In the oral cavity 100% of people diagnosed with TDO have taurodontism which is characterized by vertically enlarged pulp chambers at the expense of the roots of the teeth; the floor of the pulp chamber and furcation is moved apically down. This is due to the failure of the Hertwig epithelial root sheath which maps the shape of the forming tooth roots during active differentiation. Amelogenesis imperfecta, an abnormal formation of the enamel or external layer of the crown of the tooth, may also be present where the tooth enamel may be thin or absent. There are several clinical subsets of amelogenesis imperfecta, but common to TDO is the hypoplastic-hypomaturation subtype; the hypomaturation-hypoplastic is less common in individuals with TDO. The difference between the 2 dominant subtypes is the changes seen in the enamel matrix, and the phenotypic type that predominates. The hypoplastic-hypomaturation type of amelogenesis imperfecta with TDO occurs where the tooth enamel depicts a generalized pitted pattern, with open contacts between the teeth as well as an open bite. A smaller number of cases are of the hypomaturation-hypoplastic case type, in which the enamel structure is softer due to the under maturation of ameloblasts during development. Mandibular prognathism also called a severe underbite, is also a prominent feature in TDO. Prognathism defects are diagnosed based the level of severity that this condition interferes with being able to chew or speak properly.

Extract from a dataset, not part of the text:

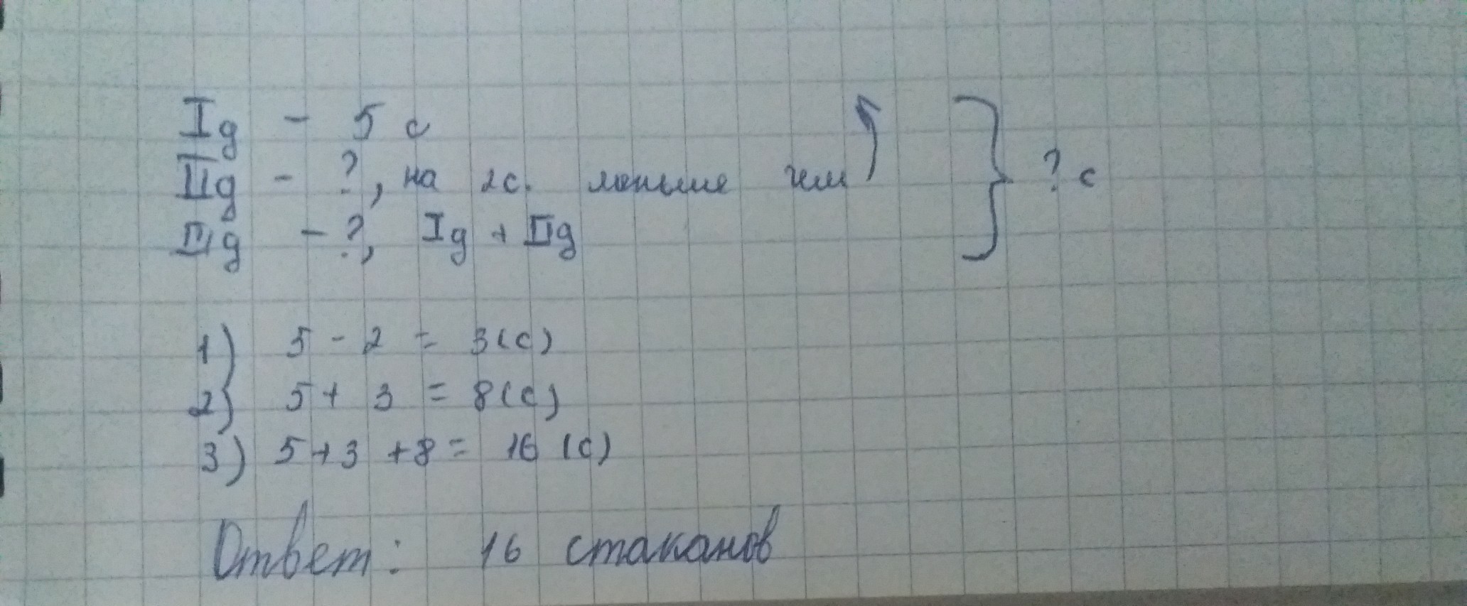 3)5 + 3 + 8 = 16 (стаканов всего съели)

Due to improper tooth development, TDO patients have high rates of dental caries causing dental abscess. The under maturation of the enamel causes the tooth structure to be softer, and more susceptible to the effects of bruxism due to abnormalities in skeletal development. The oral abnormalities are evaluated by radiographs and visual examination. Oral radiographs are frequently repeated due to the high incidence of infection due to abnormal biting patterns seen in TDO cases.

== Cause ==

an autosomal dominant pattern.

TDO is caused by autosomal dominant mutations in the DLX gene family. Known mutations include a 4-basepair deletion in exon 3 of DLX3 on chromosome 17q21, causing a frameshift mutation.

== Pathogenesis ==
DLX3 plays numerous significant roles during osseous, connective tissue, and dermal cell differentiation. It is expressed in the placenta and is important for embryonic development of hard bone tissue in the teeth, skull, and long bones such as in the arms and legs. During normal tooth development, DLX3 is predominantly expressed in the inner tooth enamel epithelium. In TDO cases, DLX3 is expressed in the outer enamel epithelium and leads to the abnormally thin enamel observed in the disease, which leads to tooth attrition and is most often the cause of dental abscess seen in TDO persons.
DLX3 in TDO is also responsible for upper cranial thickness, calvaria, osteosclerosis of the long bones, long narrow head (dolichocephaly), abnormally thin brittle nails, and premature closing of fibrous joints. Consequently, 95% of people with TDO that are 16 years old or younger show skeletal abnormalities before full maturation takes place.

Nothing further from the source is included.